PROBLEM TO WORK ON: Pictures in the records below must be left out. Return exactly the lines from the line with "All-match Top |" to the line with "建面约99㎡的3房2卫设计,各个空间的尺", both included.

PROVIDED RECORDS:
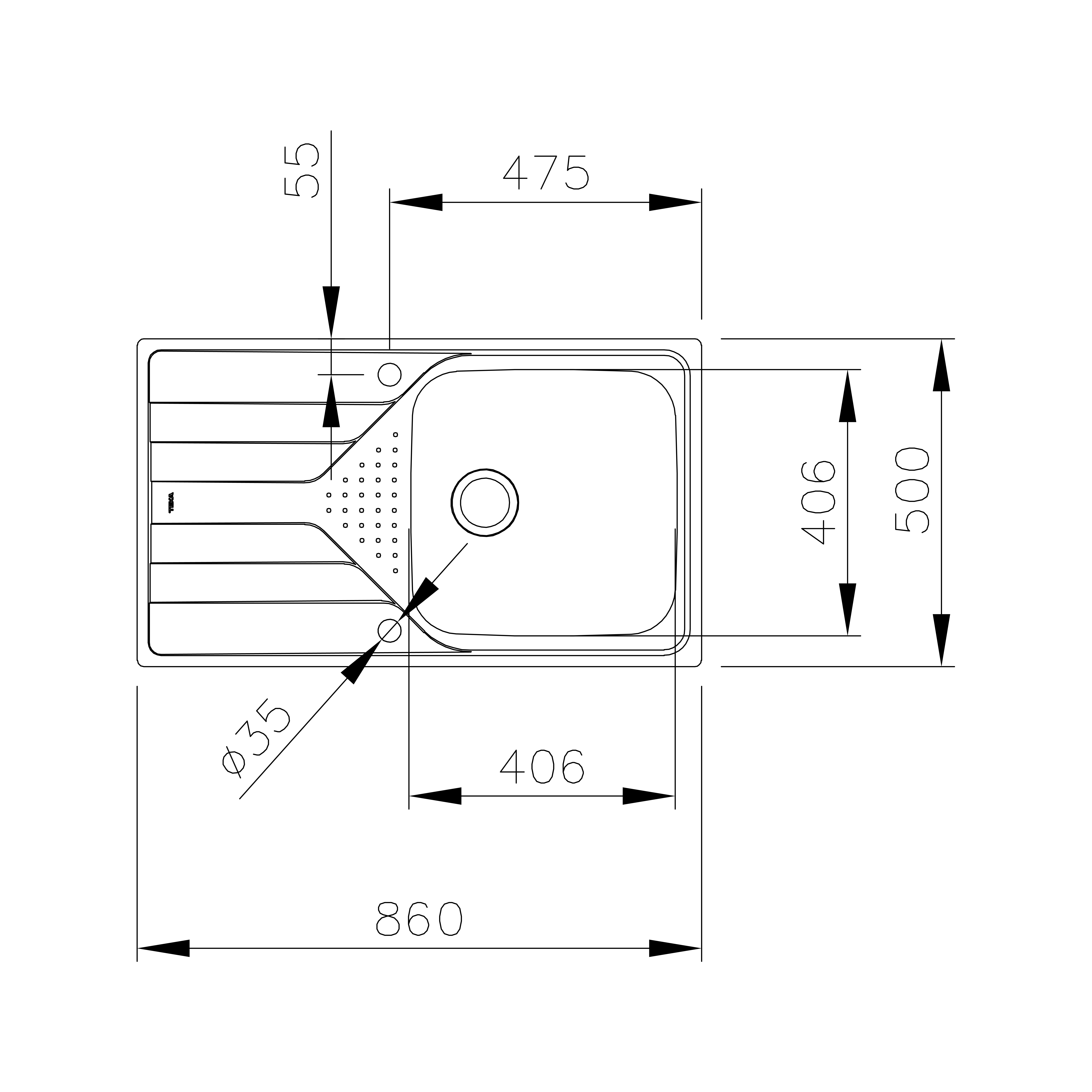 • Мойка с 1-ой основной чашей и 1 одной дополнительной чашами
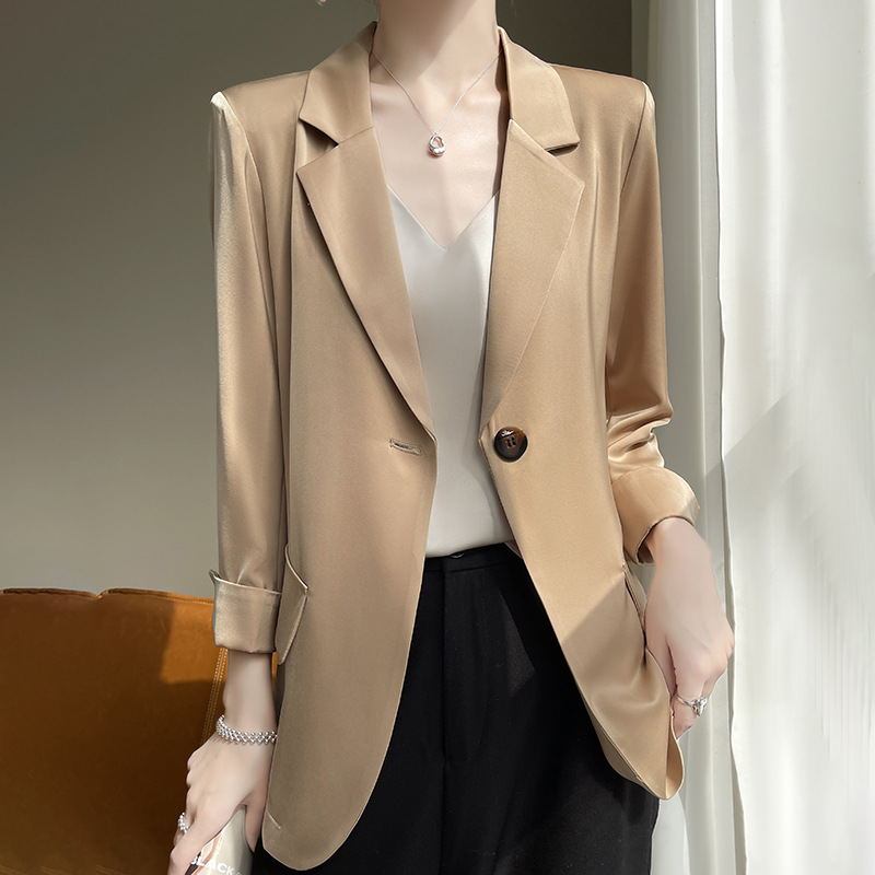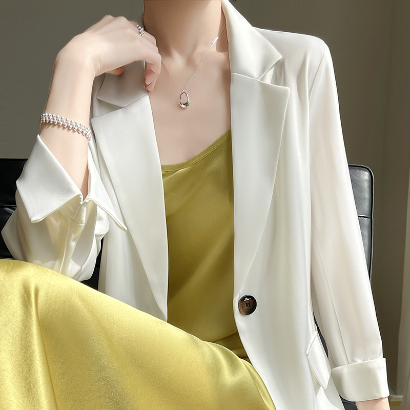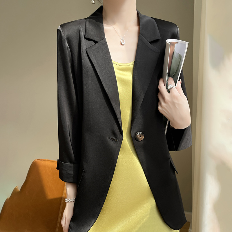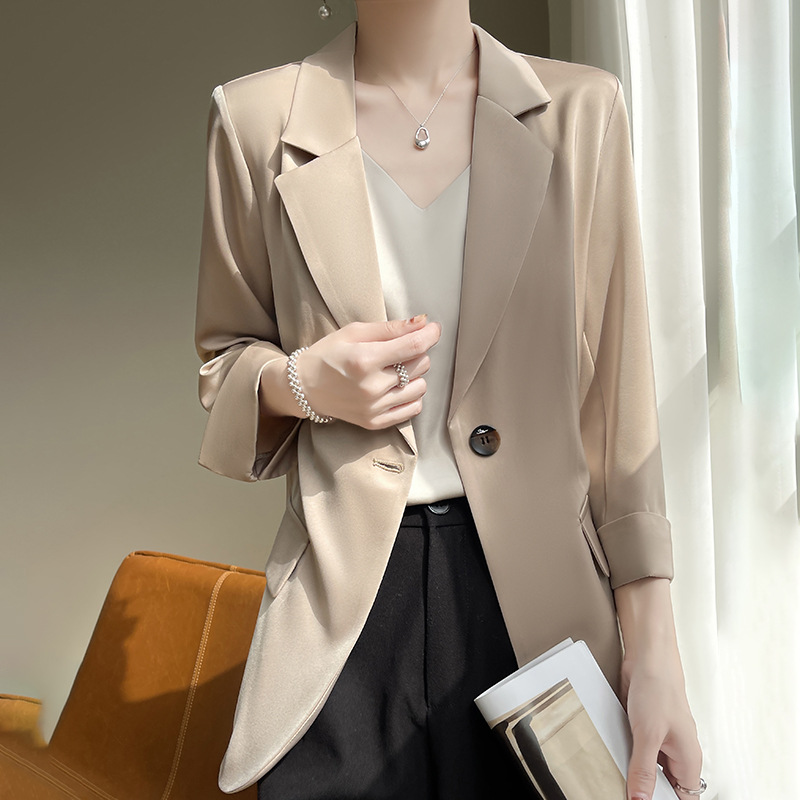 | nameOriginal | Silk Satin 2024 Spring and Summer New Women's Suit Jacket Lapel Seven-point Sleeve Sunscreen Elegant All-match Top |
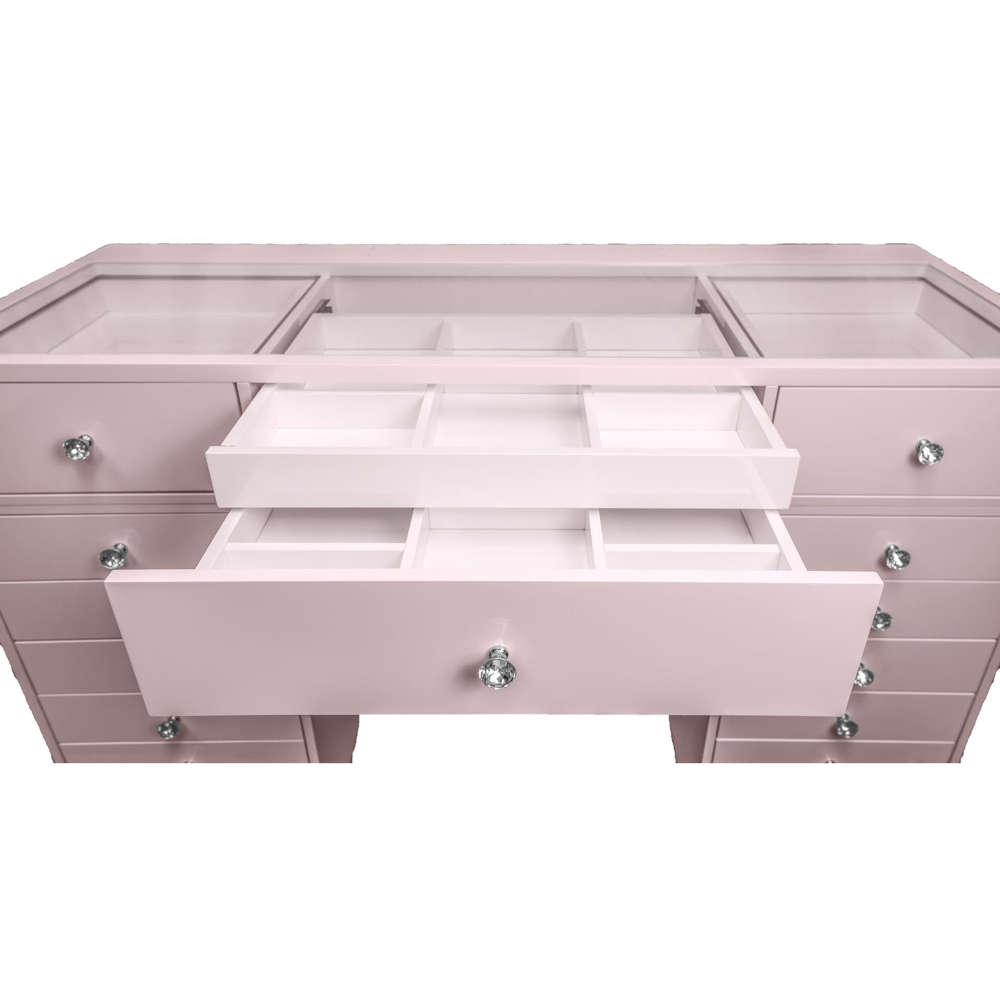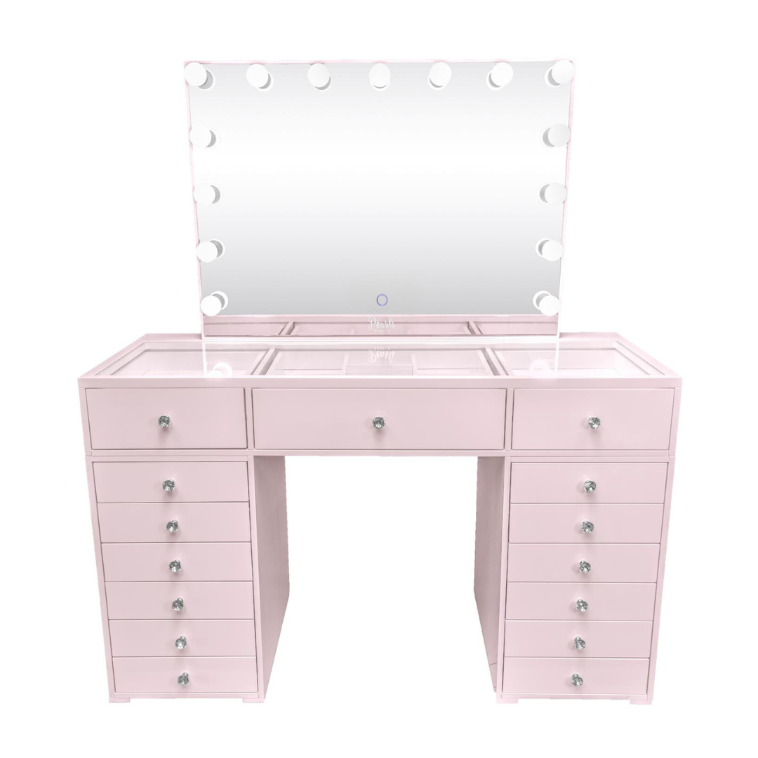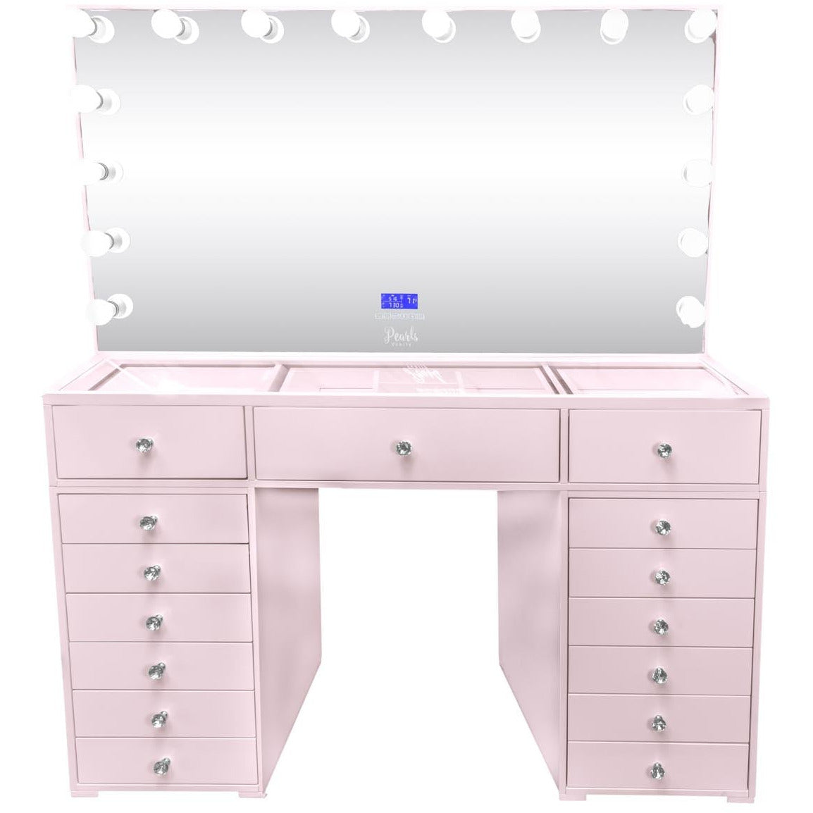 Experience a vanity made for both elegance and endurance. With a smooth, high-gloss finish & crystal knobs. Equipped with Bluetooth features and dimmable bulbs for lasting brilliance.
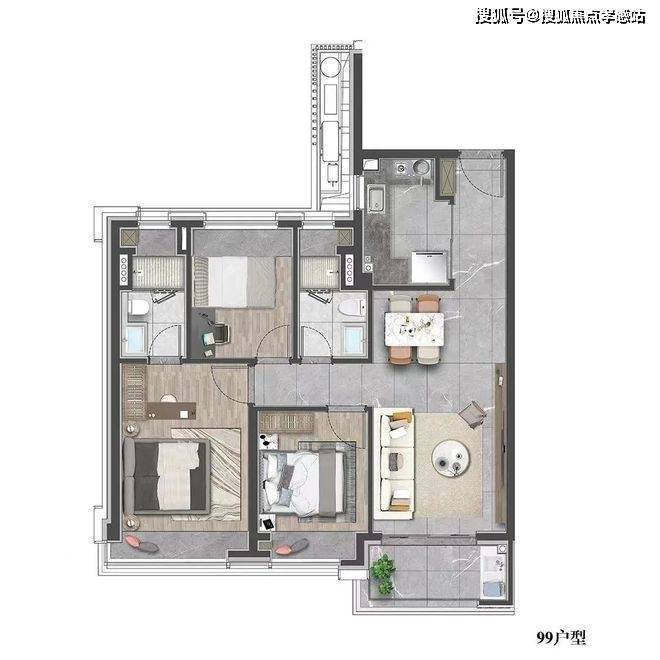 建面约99㎡的3房2卫设计,各个空间的尺度感更大,主卧套房设计,保证了主人的私密空间。
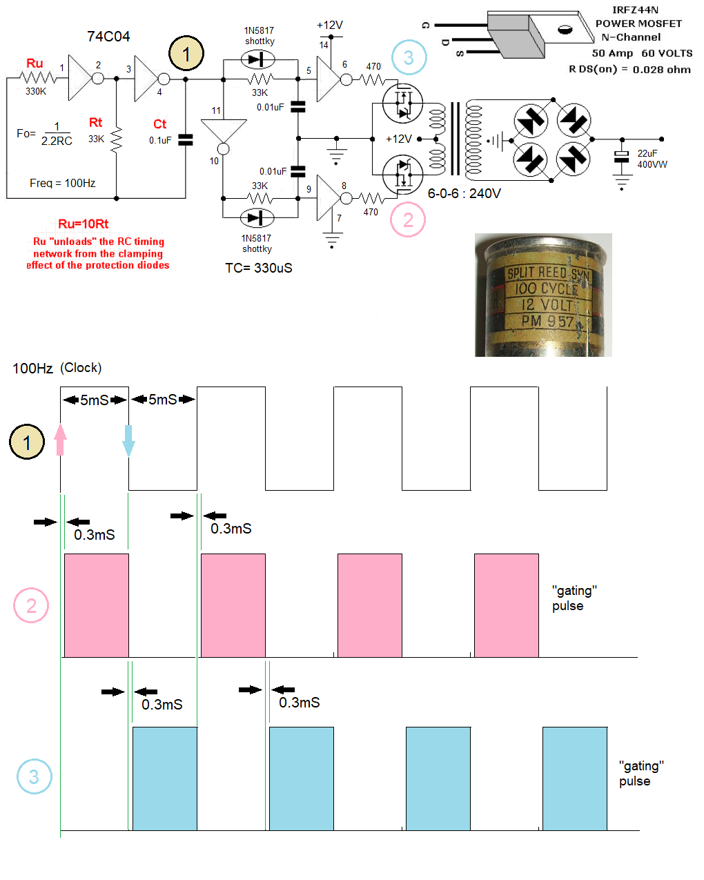 A CMOS integrated circuit (74C04 Hex inverter) oscillator provides a 100Hz clock pulse. (equal mark/space ratio 1:1) I also tried other IC's like 4069, 74HC7404, which are pin compatible and also work well. However the HC high speed cmos is restricted to a 5 volt max supply rail. This frequency is the same as the mechanical vibrating reed inside the vibrator. The vibrator contact behaviour is a break before make action. The electronic circuit should emulate that of the vibrator which it is replacing. This is acheived in the electronic circuit by the R-C-diode network and inverter. 33K 0.01uF and 1N5817 schottky diode See diagram for waveforms. With the values shown a 300uS delay is introduced at the onset of each "gating" pulse that alternately turn on each MOSFET This is the needed "commutation" and prevents both Mosfets being gated on simultaneously, at switch-over point. This would be like a brief short circuit across transformer primary. After prolonged use power dissipated in the Mosfets could exceed their specification. Because of power MOSFETs very low "on" resistance; almost all of the available voltage is impressed across each half winding of the primary, cycle by cycle. There are well designed solid-state vibrator replacement assemblies now available (see references - below) Most seem to use a PIC microcomputer to achieve the needed pulse rate & widths etc which then gate on the Power Mosfets. The above being a hardware only design, any variation in clock frequency, and delay is achieved by changing of the appropriate "timing" resistance.

RESULT:
 | nameOriginal | Silk Satin 2024 Spring and Summer New Women's Suit Jacket Lapel Seven-point Sleeve Sunscreen Elegant All-match Top |
 Experience a vanity made for both elegance and endurance. With a smooth, high-gloss finish & crystal knobs. Equipped with Bluetooth features and dimmable bulbs for lasting brilliance.
 建面约99㎡的3房2卫设计,各个空间的尺度感更大,主卧套房设计,保证了主人的私密空间。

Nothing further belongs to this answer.